Она не тешит себя иллюзиями. Это реальность: всякая вещь находит свой предел, Ничто вгрызается в хрупкие островки жизни. Ей доводилось хаживать по этой дорожке. Молитвы не помогут. Чудес не бывает. Она станет человеком практичным, плотью от плоти жестокой реальности. Она и слова не скажет о том времени, когда… В один прекрасный день она найдет себе работу в попечительской службе. И будет ухаживать за стариками чуть ли не до самой их смерти. Она переедет вместе с мужем в большой город, но в глубине души навсегда останется жить в плоских Фенах. Они возьмут с собой супружеское ложе, которое успеет послужить и ложем смерти; и из них двоих она всегда будет самой сильной, самой надежной…

«Молчите… вам нельзя говорить».

Но он хочет говорить…

Да, да, конечно, это правда, он не хотел говорить, тогда, он ничего не хотел рассказывать. И знать тоже ничего не хотел. После всей этой истории с Томом и Мэри. И Диком. После того, как Дик…

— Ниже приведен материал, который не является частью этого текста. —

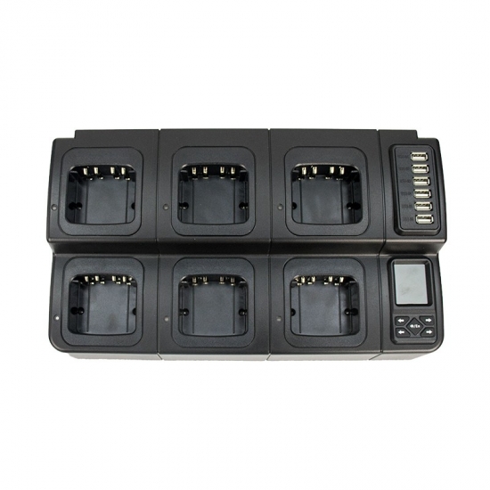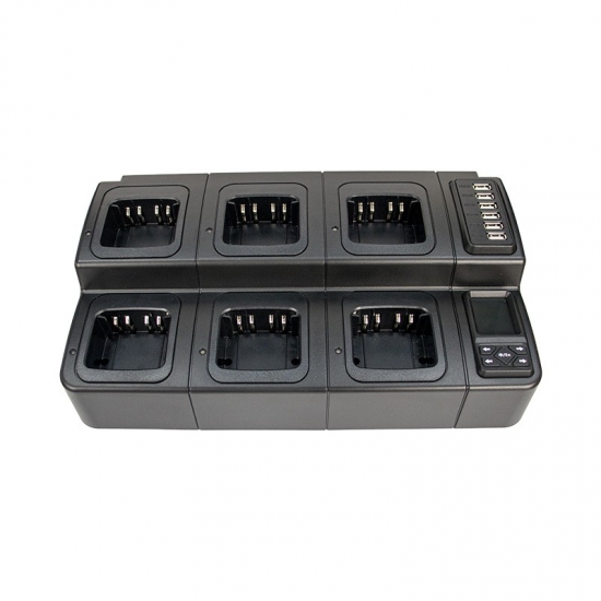 Mais de 30 tipos de slots para escolher, e é compatível com mais de 300 tipos diferentes de baterias, incluindo Motorola, Kenwood, Vertex, ICOM, Hytera e outras marcas. Também possui 6 portas USB-A. Personalize conforme sua necessidade.

Она опять его затопила, вернула себе. Старая, всем Крикам свойственная флегма. Она сочилась, поднималась все выше и выше с тех самых пор, как… Но теперь она совсем прибрала его к рукам, залив даже старый добрый огонек желания рассказывать сказки. И он не хотел ничего рассказывать. Не верил в истории. А Том – ага, он все знал – припрятал тетрадки. Том просиживал над ними чертову уйму времени, и что-то у него внутри свербело, он хотел знать больше, он ездил в Гилдси и в Кесслингский госпиталь. А он даже и дотрагиваться не хотел до этих переплетенных в синее страниц.

Флегма берет свое. Речная гладь, уныние бечевника. Можно стоять, стоять на плоскости, и ум твой занемеет. Отец и сын жили вдвоем, но не вместе, а рядом. Он говорил с курами, Том грыз историю. Покуда Том не получил повестки (история призвала его). Так же, как отец тридцать лет назад. Как она ходит кругами…

Но сыну судьба уцелеть; война закончилась (никаких шестинедельных курсов и вперед марш-марш прямой дорогой в ад), а Хенри Крик перестал вслушиваться в шестичасовые сводки, в шумы большого мира.

Итак, он остался один, вдвоем с немой рекой; и – до тех пор, пока однажды к нему не зашел Харольд Меткаф с историей, которая потребовала продолжения, – его поглотила флегма…

А теперь она его душит, заполняет полости легких, набухает в горле. Он спасся от потопа, но теперь он тонет…

Он хватает ртом воздух. Лицо наливается кровью. Раздуваются ноздри.

«Молчите…»

За окном колокола Св. Гуннхильды бьют полчаса. (Но один только сын, будущий историк, отмечает точное время: половина пятого, 25 марта 1947 года.) Этот звон, этот чертов звон, он отдается, он разносится эхом в пустых погребах его бреда. Но не следует ругать церковные колокола, Хенри Крик. На смертном-то одре. (Потому что именно так и обстоят дела.) Вспомни о Боге твоем на пороге смерти. Помолись Богу твоему на пороге смерти. И воздай ему хвалу, что ты живешь не в Средние века, когда в дни наводнений колокола звонили круглосуточно…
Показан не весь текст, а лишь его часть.